Eigentlich wollte er damals nur für ein halbes Jahr aussteigen, um sich zu erholen. 1998 war das, nachdem der ehemalige Torwart von Eintracht Frankfurt von seinem Betrieb für Fensterbau endgültig die Nase voll hatte. Burnout würde man heute sagen. »Damals habe ich mich auch ein wenig mit okkulten Dingen beschäftigt, da lief der Tod immer neben mir her«, sagt Pahl, während ein »Zzzsch« unter seinen wuchtigen Händen aus der Bierbüchse entweicht. Ein Brasilianer nahm ihn mit nach Paraguay. Dort gefiel es ihm auf Anhieb so gut, dass er seine Zelte in Deutschland ganz abbrach. Ein neues Leben anfangen, wieder mal.

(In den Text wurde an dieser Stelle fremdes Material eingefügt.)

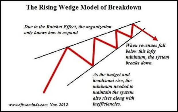 I call this the Rising Wedge Model of Breakdown: as expenses, self-interest and debt all expand, it becomes increasingly difficult to slash expenses without triggering the implosion of the organization.
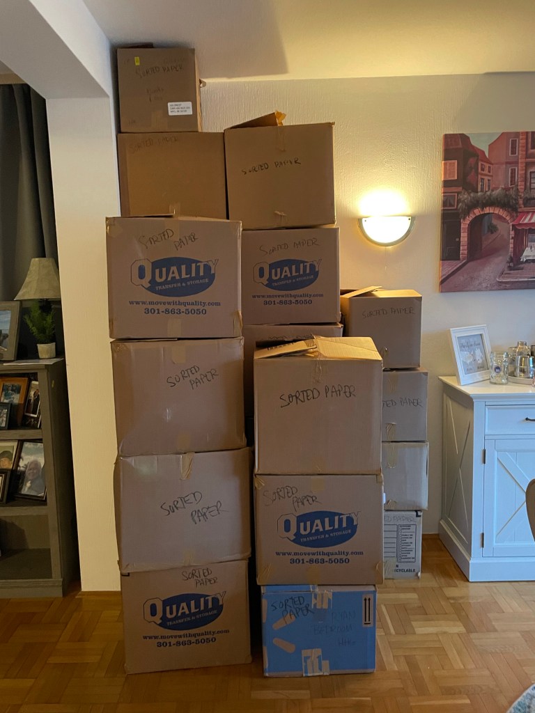 Matt and I have been hustling to get the house in order and cleaned up to decrease the kids’ stress levels and things are finally starting to come together. We called to have the empty boxes picked up from the moving company but they won’t be able to come for a couple of weeks so Matt has been making several trips to the recycling center.
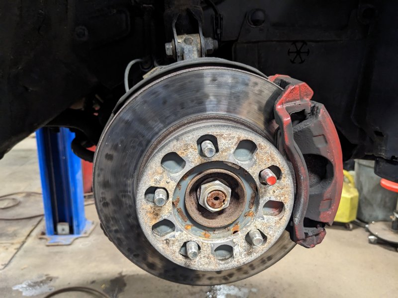 That’s when I found that the car owner had used wheel spacers on the front hubs to make the wheels not rub against the suspension. The problem with this is that the wheel studs were stock. With the extra thickness of the spacer, there’s less contact area for the lug nuts to engage the studs.
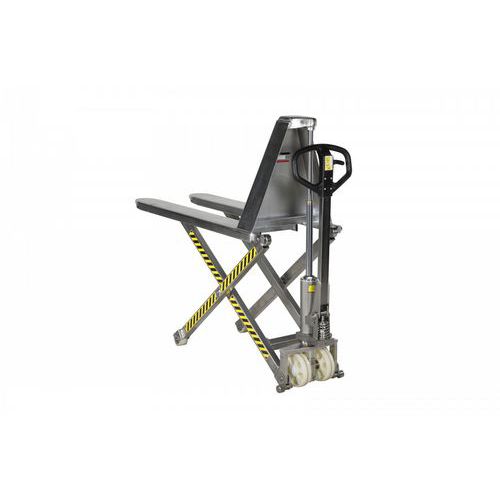 | Tavaranimike | Ruostumaton saksinostin, Kapasiteetti: 1000 kg, Nostokorkeus maks: 800 mm, Paino: 90 kg, Haarukan pyörä |
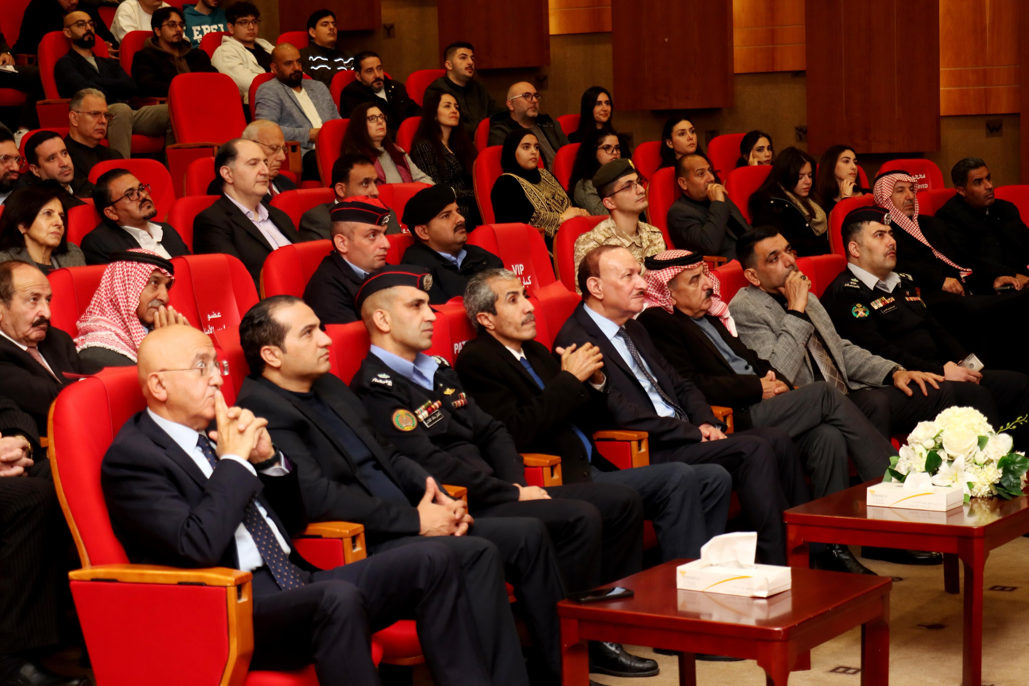 وحضر الحفل الذي اقيم في مسرح الجامعة رئيس مجلس أمناء الجامعة المهندس عزام شويحات، ورئيس بلدية مادبا عارف الرواجيح، والعين محمد خريبات الأزايدة، وعدد من مدراء الدوائر الإدارية والأمنية في المحافظة ونواب واعيان سابقين وابناء المجتمع المحلي ورجال امن عام، ومجموعة من أعضاء الهيئتين التدريسية والادارية في الجامعة والطلبة.
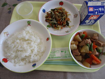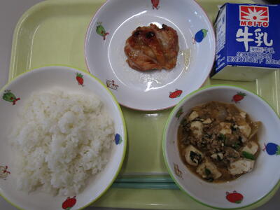 ごはん チキンの照り焼き 豚肉と豆腐のごまみそ炒め 牛乳
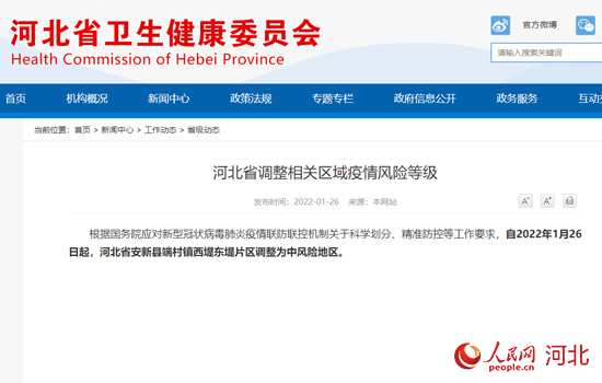 人民網(wǎng)石家莊1月26日電 據(jù)河北省衛(wèi)健委官方網(wǎng)站消息,根據(jù)國務(wù)院應(yīng)對(duì)新型冠狀病毒肺炎疫情聯(lián)防聯(lián)控機(jī)制關(guān)于科學(xué)劃分、精準(zhǔn)防控等工作要求,自2022年1月26日起,河北省安新縣端村鎮(zhèn)西堤?hào)|堤片區(qū)調(diào)整為中風(fēng)險(xiǎn)地區(qū)。

»Ich bin ein Pioniertyp, ein Conquistador, wie man hier sagt«, sagt Pahl. In Villarica, zweieinhalb Autostunden von der Hauptstadt Asuncion betrieb er zunächst ein Lokal, später eine Pension, die er nach einigen Jahren verkaufte. Er leitete eine Fußballschule und wurde als Trainer des Amateurvereins Deportivo Independencia viermal Meister der Mennoniten-Liga, wo vornehmlich deutschstämmige Paraguayer spielen. Torwart und Trainer, Fensterbauer und Gastwirt, Jürgen Pahl war schon vieles in seinem Leben, nur Obstbauer war er nie. Die heute noch auf Wikipedia verbreitete Legende entstand, nachdem ihn ein Journalist besucht und für ein Foto zwischen Obstbäume gestellt hatte.

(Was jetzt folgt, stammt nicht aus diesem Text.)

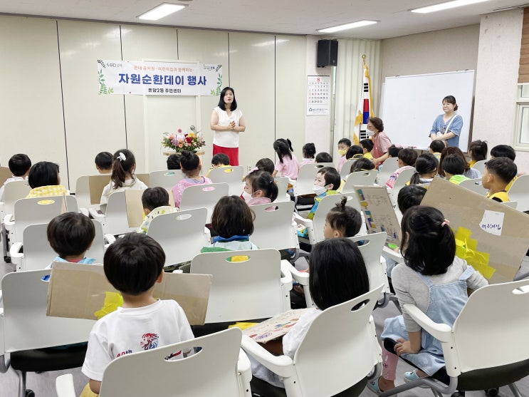 돈암2동 주민센터는 어린이들이 직접 자원순환데이 행사에 참여할 수 있도록 관내 유치원, 어린이집에 널리 홍보했다. 느티나무 어린이집, 가람 어린이집, 아띠 어린이집의 원아 50명이 이날 행사에 참여했다.
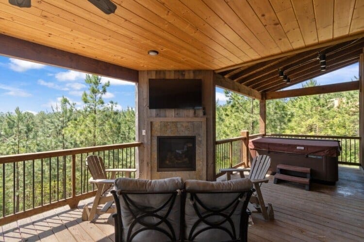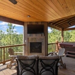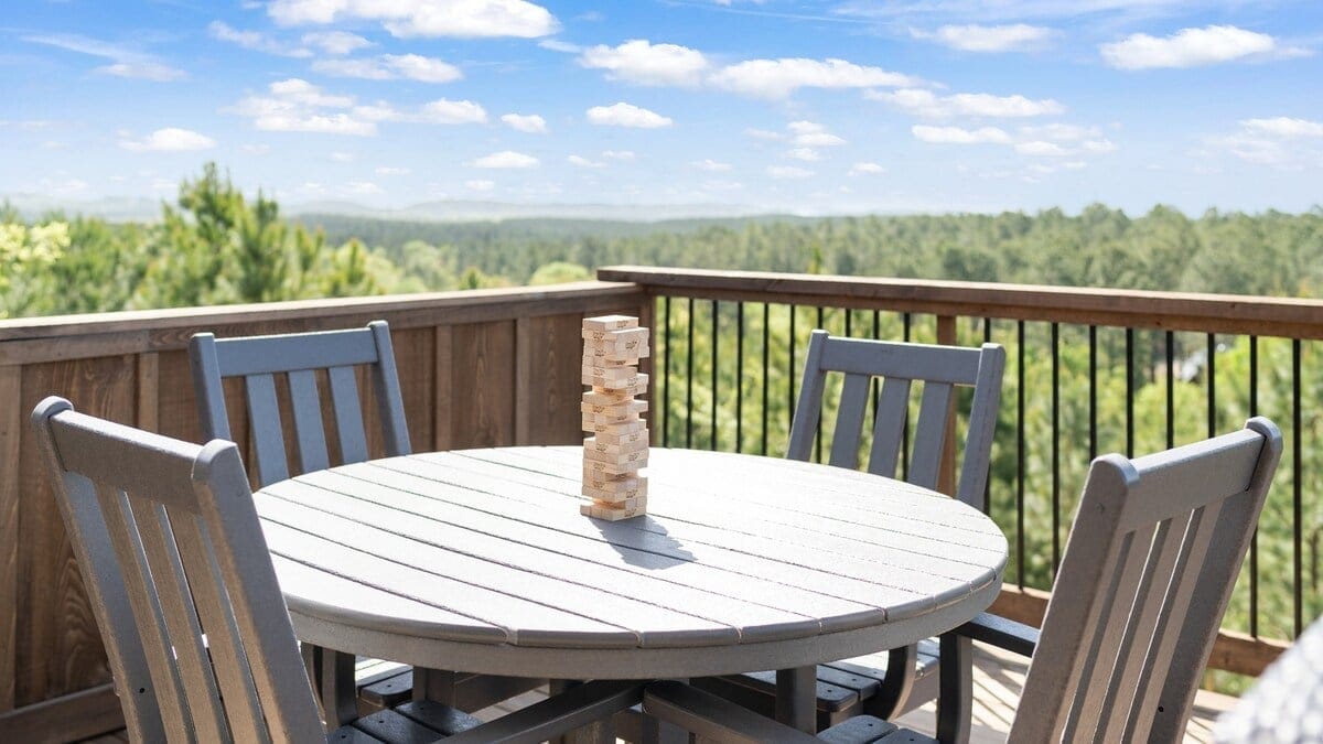 The cabin shines even more outdoors. The lower deck includes a large dining table, a gas grill, cozy outdoor furniture, and a second fireplace. A hot tub offers a peaceful soak with a view, and a fire pit nearby is the perfect place for roasting marshmallows or telling stories late into the night. Guests can also play corn hole or enjoy rocking on the front porch while breathing in the mountain air.

Vor der WM 2006 entpuppte Pahl sich in einem bemerkenswerten Aufsatz für die »Taz« als Fundamentalkritiker an seinem einstigen Berufsstand und der Gesellschaft allgemein. »Der Macher und Materialist ist gefragt, schlau, skrupellos ohne Visionen, außer sein Konto betreffend«, schrieb Pahl. Ihm falle es schwer, in einer solchen »miefigen, verlogenen Gesellschaft« zu leben. Sechs Jahre später gibt er unter einer halbvertrockneten paraguayischen Palme zu: »Das hat mir im Nachhinein sehr geschadet.« Viele daheim hielten den Aussteiger in Südamerika nun für einen spinnerten Sonderling. Der 56-Jährige holt aus seinem spartanischen Häuschen ein abgewetztes Fotoalbum. Die Bilder zeigen ihn als fröhliches Mitglied jener miefigen, verlogenen Fußballgesellschaft, zu der auch er früher gehörte. »Was soll’s, alles kommt, wie es kommt«, sagt er beim Durchblättern.